**Work request:** Please return only the lines from the one with "Vianočná ruža ružová" through the final line of the data, unchanged, with pictures omitted.

**Given data:**
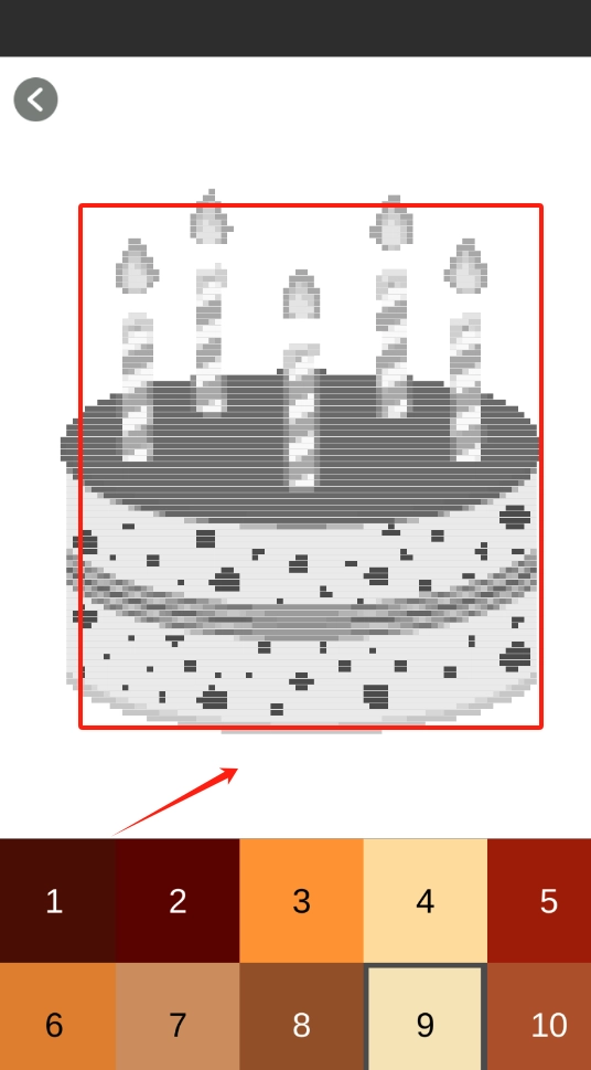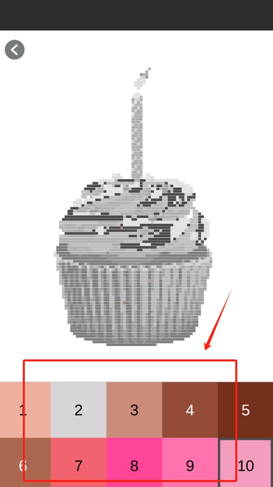 2、为像素蛋糕填充颜色,下方色块需选择与数字对应的颜色,操作可参考箭头提示。
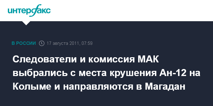 Владивосток. 17 августа. ИНТЕРФАКС - ДАЛЬНИЙ ВОСТОК - Группа специалистов комиссии МАК и оперативники следственных органов, работавшие на Колыме на месте катастрофы Ан-12, возвращаются в Магадан.
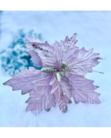 Vianočná ruža ružová Cena 2,45 € Krásna vianočná ruža v ružovo zamatovej farbe so zlatým stredom a zlatým ligotavým lemovaním. Kvety sú vhodné do vianočného stromčeka, vianočnej...
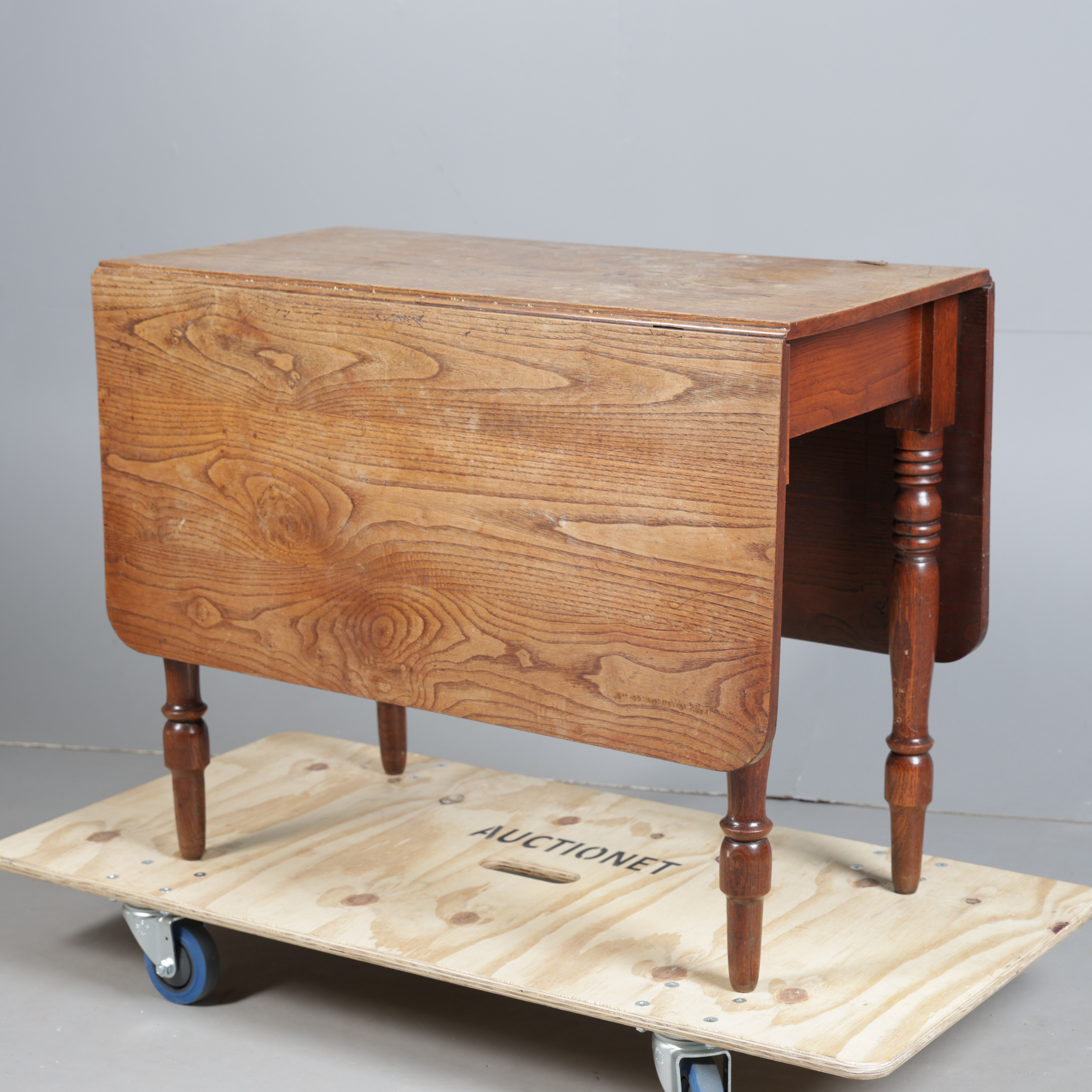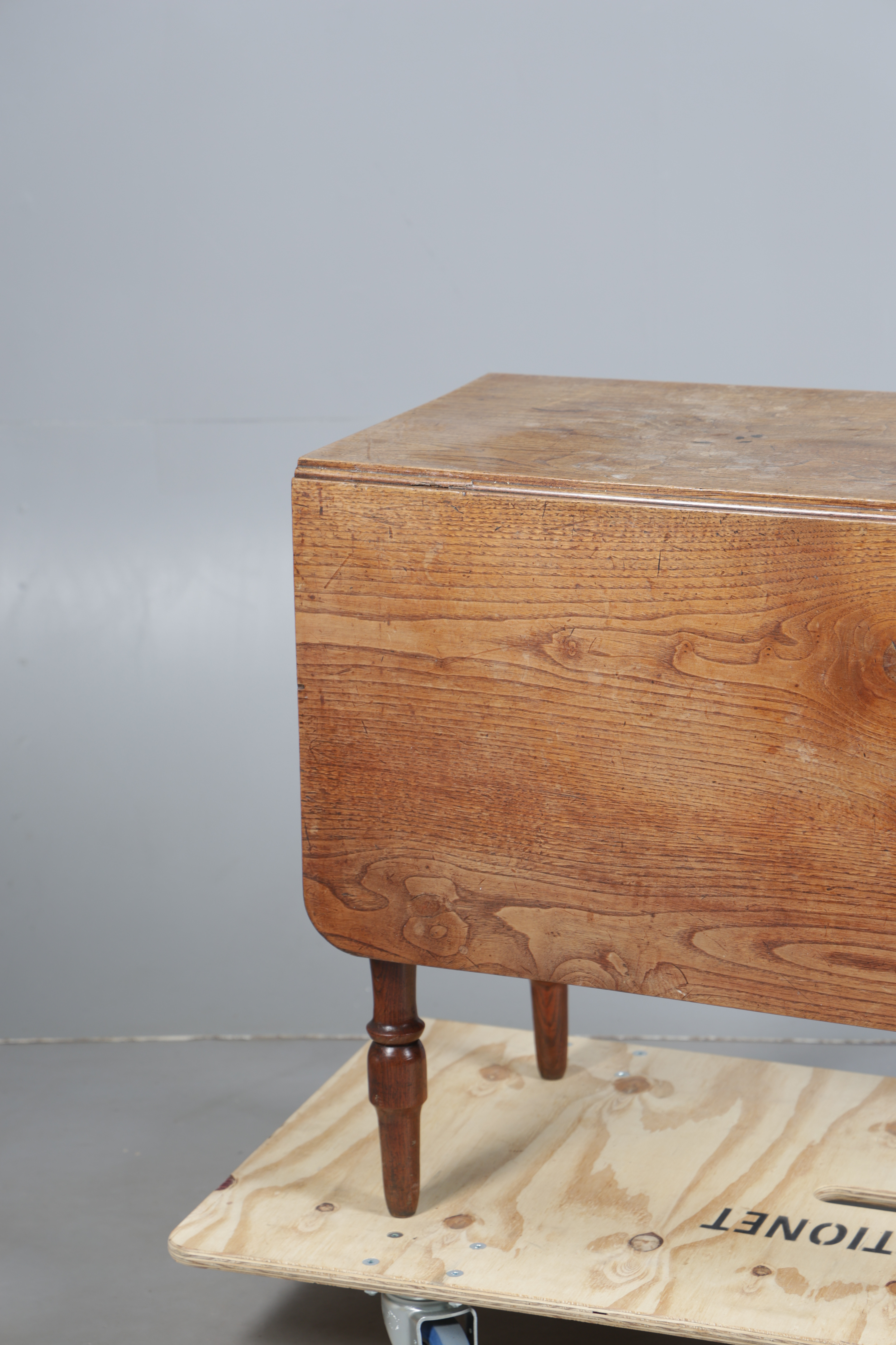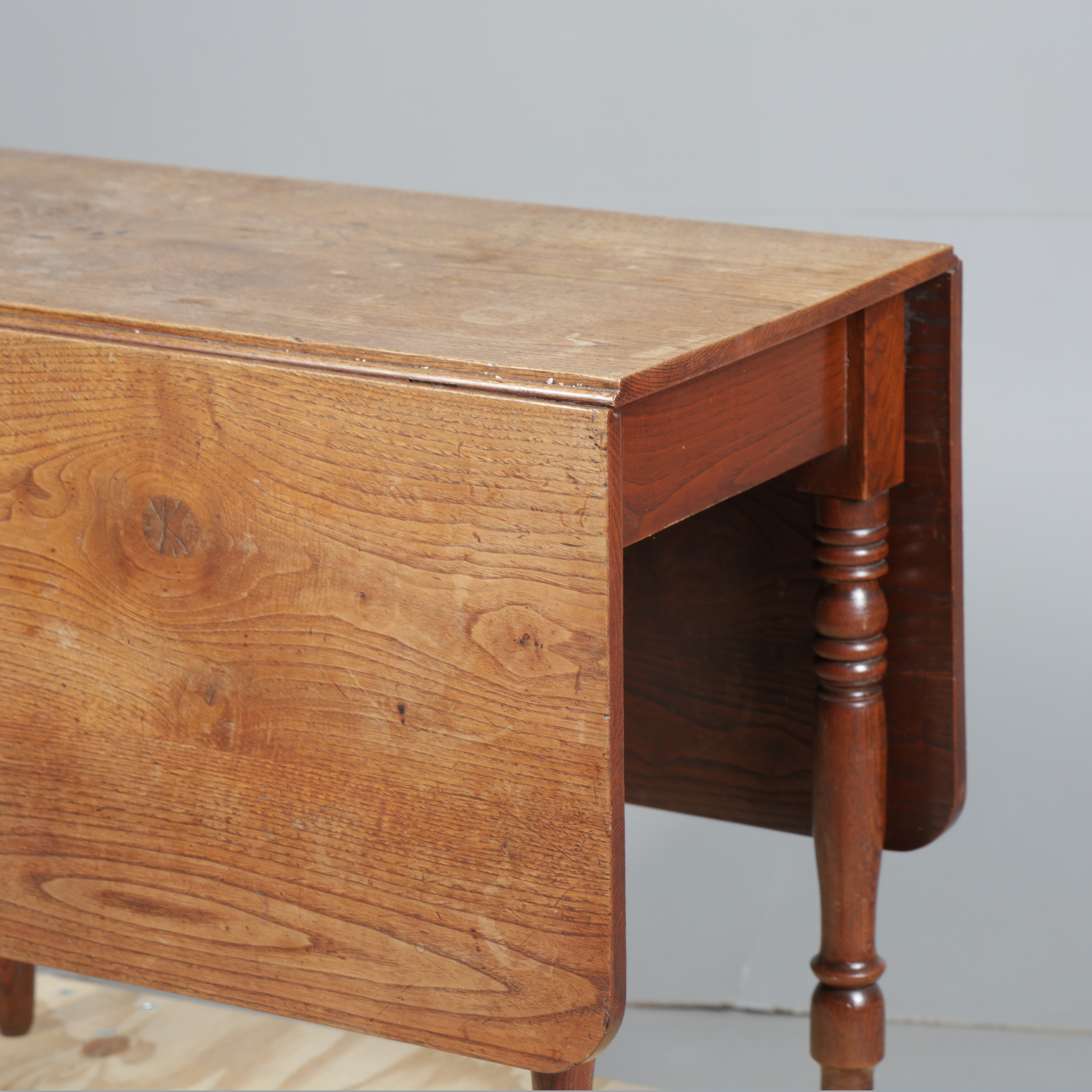 5038107. A 19TH CENTURY ELM DROP LEAF TABLE.

**Task response:**
 Vianočná ruža ružová Cena 2,45 € Krásna vianočná ruža v ružovo zamatovej farbe so zlatým stredom a zlatým ligotavým lemovaním. Kvety sú vhodné do vianočného stromčeka, vianočnej...
 5038107. A 19TH CENTURY ELM DROP LEAF TABLE.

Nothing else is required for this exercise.